SEPLJan 14, 2013

On Formal Reasoning on the Semantics of PLC using Coq

arXiv:1301.3047v116 citations
Originality Incremental advance
AI Analysis

This work addresses the need for rigorous verification of industrial automation systems, though it appears incremental as it builds on existing formal methods applied to a specific domain.

The authors developed a formal framework using Coq to define and prove the semantics of multiple PLC programming languages from the IEC 61131-3 standard, including SFC, IL, LD, and FBD, and demonstrated its application by verifying safety properties in a project demonstrator.

Programmable Logic Controllers (PLC) and its programming standard IEC 61131-3 are widely used in embedded systems for the industrial automation domain. We propose a framework for the formal treatment of PLC based on the IEC 61131-3 standard. A PLC system description typically combines code written in different languages that are defined in IEC 61131-3. For the top-level specification we regard the Sequential Function Charts (SFC) language, a graphical high-level language that allows to describe the main control-flow of the system. In addition to this, we describe the Instruction List (IL) language -- an assembly like language -- and two other graphical languages: Ladder Diagrams (LD) and Function Block Diagrams (FBD).

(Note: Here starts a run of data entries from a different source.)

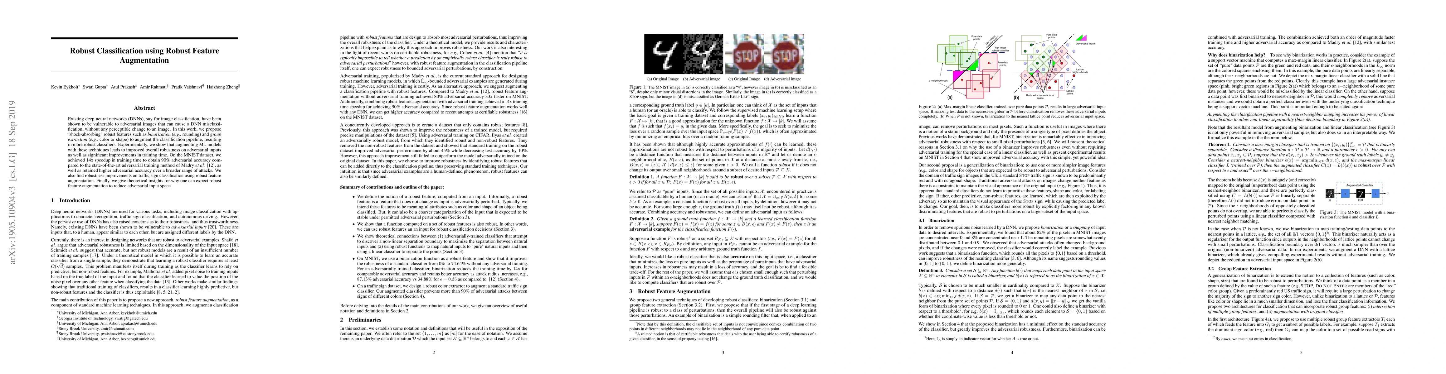 This paper proposes robust feature augmentation techniques, such as binarization and group extraction, to enhance the robustness of deep neural networks against adversarial attacks. Experimental results show significant improvements in adversarial accuracy and training speed on datasets like MNIST and traffic sign classification.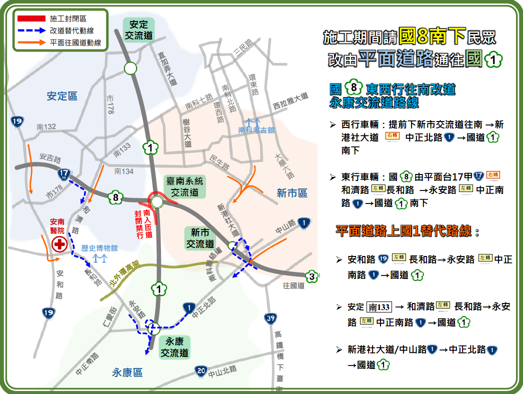 【施工封閉】115年2月9日(星期一)及115年2月10日(星期二)每日夜間21:00至翌日06:00 止,全面封閉臺南系統交流道(315K)南下入口匝道(國8往國1南下)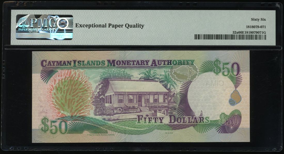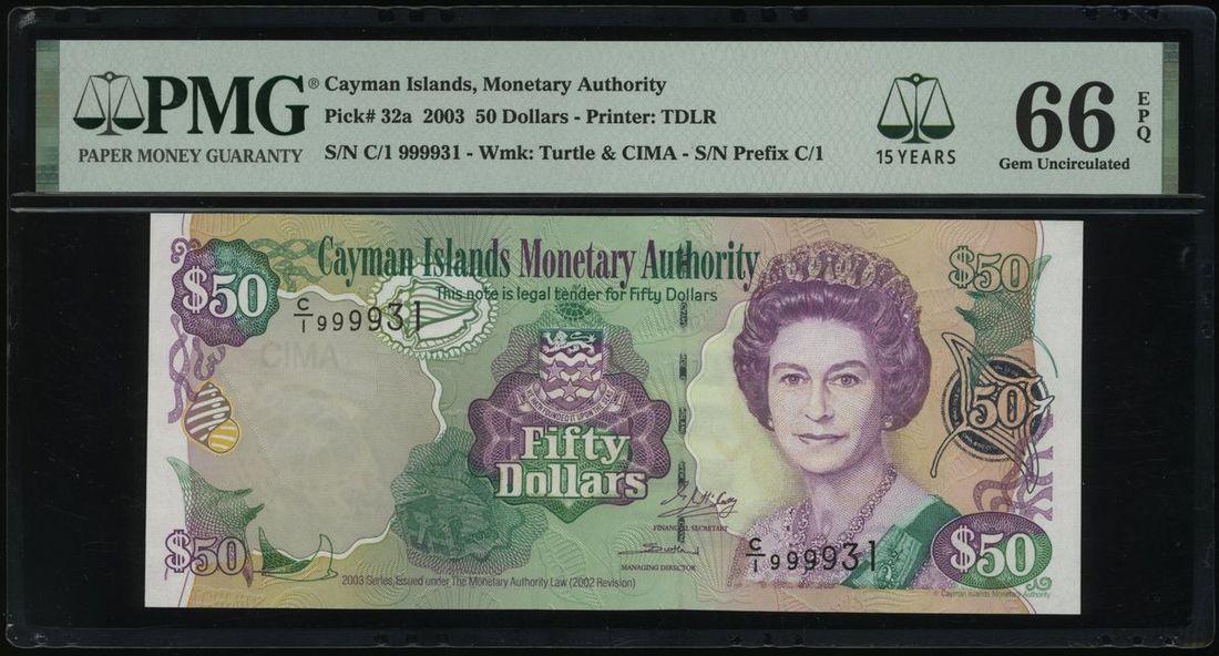 Cayman Islands Monetary Authority, $50, 2003, serial number C/1 999931, (Pick 32a), PMG 66EPQ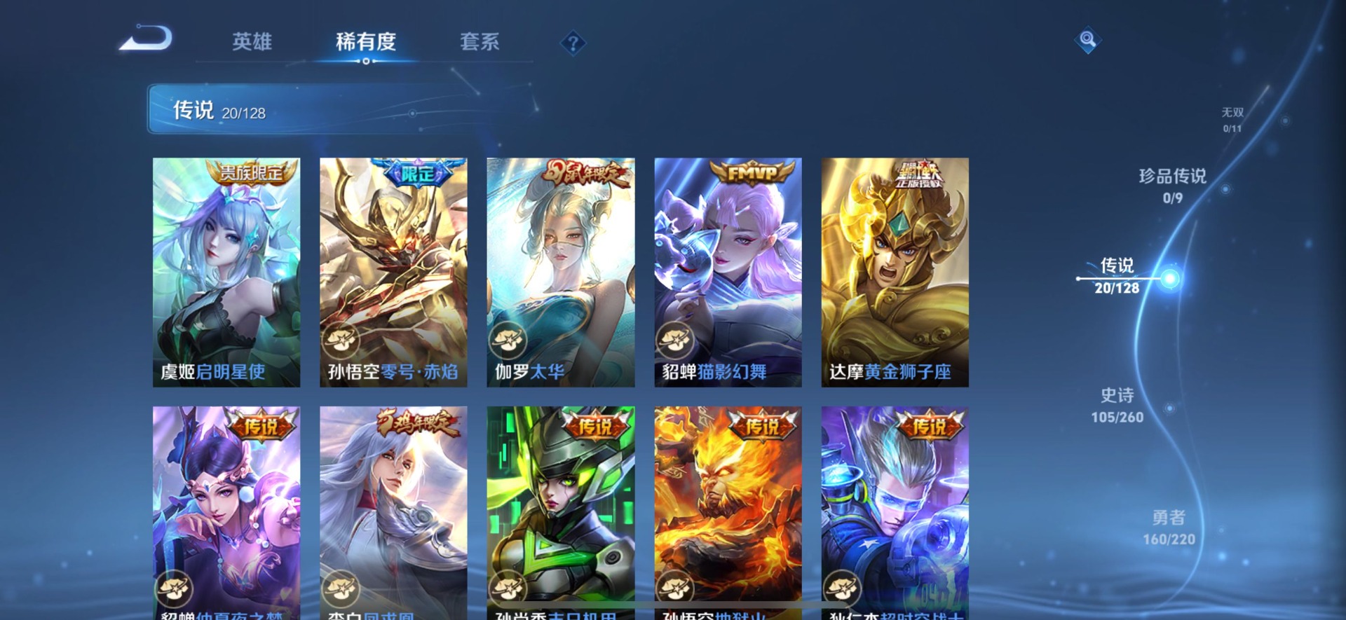 甄姬女儿国国王,铠青龙志,曹操天狼征服者,伽罗太华,赵云龙胆,孙膑天狼运算者,孙尚香异界灵契,项羽霸王别姬,后羿如梦令,庄周云端筑梦师,裴擒虎李小龙,上官婉儿梁祝,花木兰默契交锋,花木兰青春决赛季,马可波罗逐梦之星,桑启鸣野蒿,猪八戒猪悟能,孙悟空孙行者,孙悟空大圣娶亲,孙悟空至尊宝,芈月白晶晶,马超神威,韩信飞衡,虞姬霸王别姬,嫦娥如梦令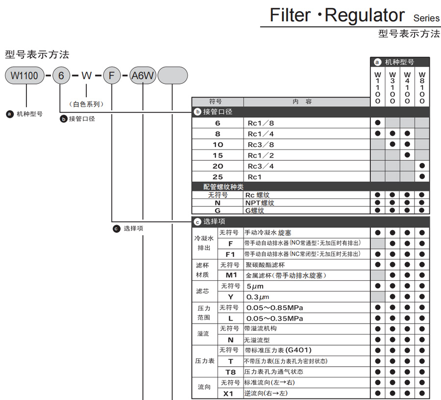 注5:帶自動冷凝水排出 “F1” 時,自動冷凝水排出的最低動作壓力為0.15 MPa。

IL, LD, and FBD are used to describe more low level structures of a PLC. We formalize the semantics of these languages and describe and prove relations between them. Formalization and associated proofs are carried out using the proof assistant Coq. In addition to this, we present work on a tool for automatically generating SFC representations from a graphical description -- the IL and LD languages can be handled in Coq directly -- and its usage for verification purposes. We sketch possible usages of our formal framework, and present an example application for a PLC in a project demonstrator and prove safety properties.